I am 25 and was just diagnosed with polycystic ovarian syndrome (PCOS). My husband and I aren’t ready to have kids now, but we really want to become parents when we’re ready. Is there anything I can do to ensure I will be able to conceive in the future? Should I meet with a fertility specialist now, and what are my options?

Written by our medical expert Dr. Stephen Hudson, Director of the Victoria Fertility Centre in British Columbia, Canada. 

This is a very good question, and I think it demonstrates foresight and responsibility on your part to be addressing your concerns at this stage in your life.

First of all, for the sake of our readers, we’ll discuss some of the implications of PCOS (polycystic ovarian syndrome). Although, like all medical conditions, there are different levels of PCOS, up to 15% of all women may have some features of PCOS. So don’t feel alone!

The typical textbook PCOS “syndrome” may include features such as:

  1. Weight problems (carrying extra weight is more common)
  2. Skin problems such as unwanted facial and body hair, and acne
  3. Anovulatory cycles (irregular and sometimes infrequent periods, and occasionally very heavy periods). This is due to infrequent ovulations.
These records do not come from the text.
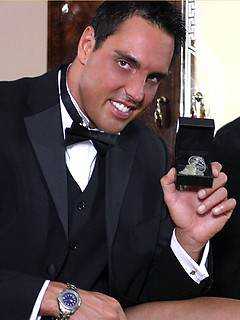 Marcello takes off his black suit and fills a condom with warm cum for one lucky fan
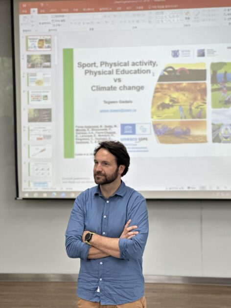 Tegwen Gadais (Co-Chair) delivered a special lecture to the (DTM) Dream Together Master 12th batch students on the topic: “Sport, Physical Activity, Physical Education vs Climate Change.” The lecture explored how sport and physical education can both impact and be impacted by climate change. Students engaged actively, shared their thoughts freely, and explored the topic from multiple cultural and academic perspectives. Thought-provoking discussions touched on sustainability, environmental responsibility in sport, and the evolving role of sport professionals in facing global challenges. A big thank you to Umair Asif (PhD Student in the Chair) for helping organize this inspiring session!
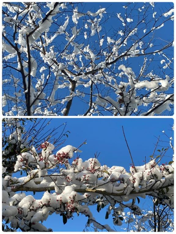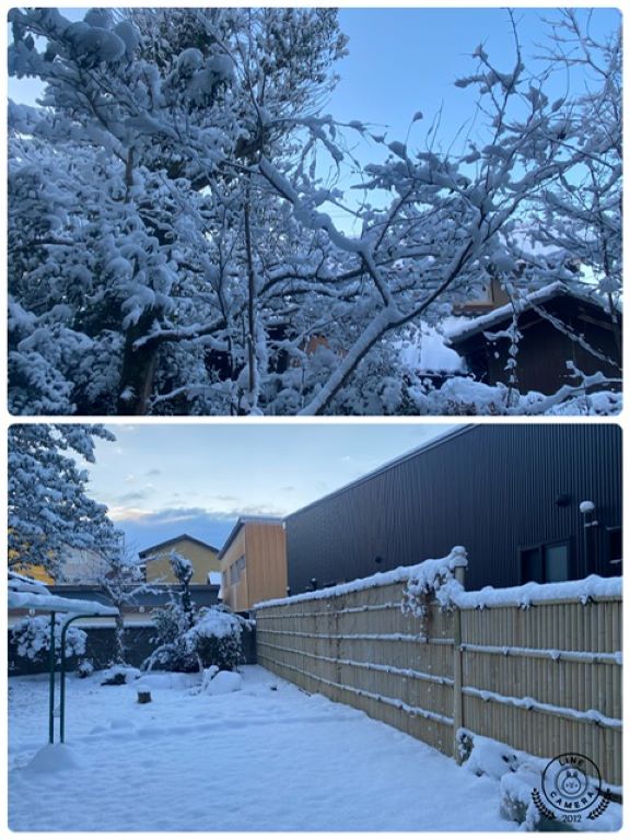 庭の枯れ木にも雪の花が咲きました。
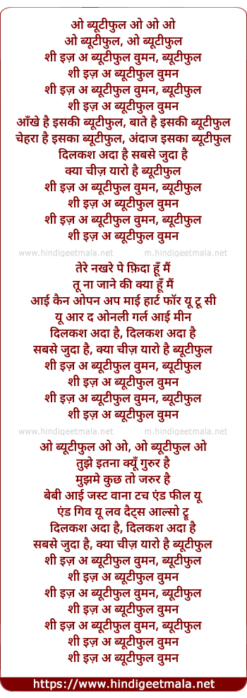 Lyrics of She Is A Beautiful Woman - शी इज़ अ ब्यूटीफुल वुमन
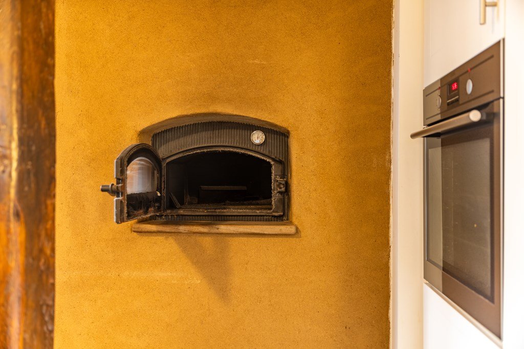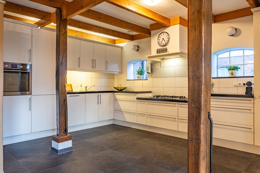 De open keuken sluit naadloos aan op de woonkamer en is modern uitgevoerd, met een groot werkblad, hoogwaardige inbouwapparatuur en zelfs een hout gestookte (pizza) oven – ideaal voor de culinaire liefhebber. De authentieke stalramen geven het geheel een warme, landelijke uitstraling. Aansluitend bevindt zich een ruime bijkeuken met achterom.
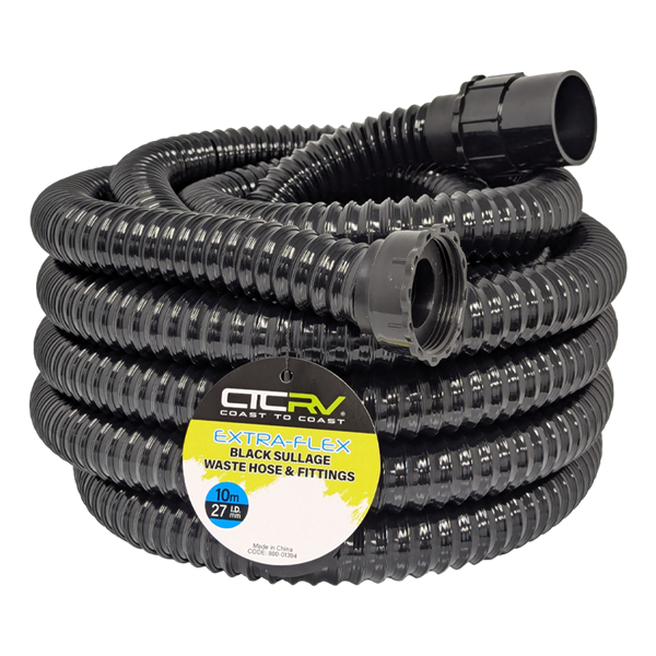 Coast RV 10m Roll Black Extra-Flex Sullage Waste Hose with 40mm Fittings, 27mm I.D., 1 Year Warranty. COAST RV Black Sullage Waste Hoses are designed for caravan enthusiasts seeking top-tier performance and excellent value. Available in 5m and 10m lengths, these hoses ensure efficient drainage of grey wastewater from your kitchen sinks and showers.

Since ovulation is necessary for getting pregnant, this may present with difficulty conceiving.
  4. Metabolic imbalances, which may include insulin resistance (with a higher likelihood of prediabetes), higher male hormone levels, and unfavourable cholesterol (lipid) profiles
  5. Mood changes (caused by all of the above)

Although you are not planning to be pregnant now, I do feel it wise to consult with a fertility specialist to address the PCOS-related health concerns, and give you some guidance for optimizing your health and quality of life.

Assessment would start with a detailed medical history to identify any unwanted symptoms you may wish to have addressed. Examination would include a physical, pelvic exam with Pap smear and ultrasound to evaluate your uterus, the lining (endometrium) and a detailed assessment of your ovaries. Fertility specialists are very experienced at assessing ovaries, and there are different “degrees” of PCOS. If you are not ovulating at all, the lining of your uterus (endometrium) may become unhealthy from chronic estrogen exposure and inadequate progesterone (progesterone is only produced in ovulatory cycles). Sometimes it may be necessary to take a biopsy from the endometrium to check on the condition of the lining of your uterus. Blood tests would include hormone levels and other specific investigations based on your particular situation.

As for further recommendations, this is what may be suggested:

  1. Weight control. Check your BMI (body mass index) online. I suggest a diet low in wheat, and rich in raw foods (especially greens). There are many popular diets – but a low carb diet is essential both for weight control and managing insulin levels which are often fragile in individuals with PCOS.
  2. Daily aerobic exercise is very important in cases of PCOS both for physical and mental health. An hour a day is ideal.
  3. Supplements. There are specific supplements of benefit to women with PCOS – particularly Inositol. Inositol is a vitamin-like substance that naturally helps restore insulin function at a cellular level. It can help with regulating periods, with fertility and weight loss. Extra folic acid (1 – 2 mg per day) is also recommended. There are many supplements on the market, or you can ask your pharmacist or health store specialist for help. The usual recommended dose of Inositol is 4 g per day.
  4. Ovulation Induction for anovulation and irregular periods. Once you are trying to conceive – you may need ovulation induction. However, that is another subject. In the meantime it is important for you to have some progesterone exposure. If natural methods do not result in regulating your cycles, your doctor may recommend intermittent doses of Progesterone or the birth control pill. This would be to keep your uterus healthy, and prevent unexpected, very heavy bleeding. It should be noted that women with PCOS appear to be at increased risk for DVT (deep vein thrombosis) while on the birth control pill. So this would be an important subject to discuss with your doctor. An extra advantage of the pill is that it can help with skin problems.
  5. Medications. Metformin is a drug which is commonly used in PCOS. Detailed discussion about this is beyond the scope of my answer.

Overall, the good news is that in most cases women with PCOS are able to have healthy babies. Addressing your PCOS early on is responsible and ideal.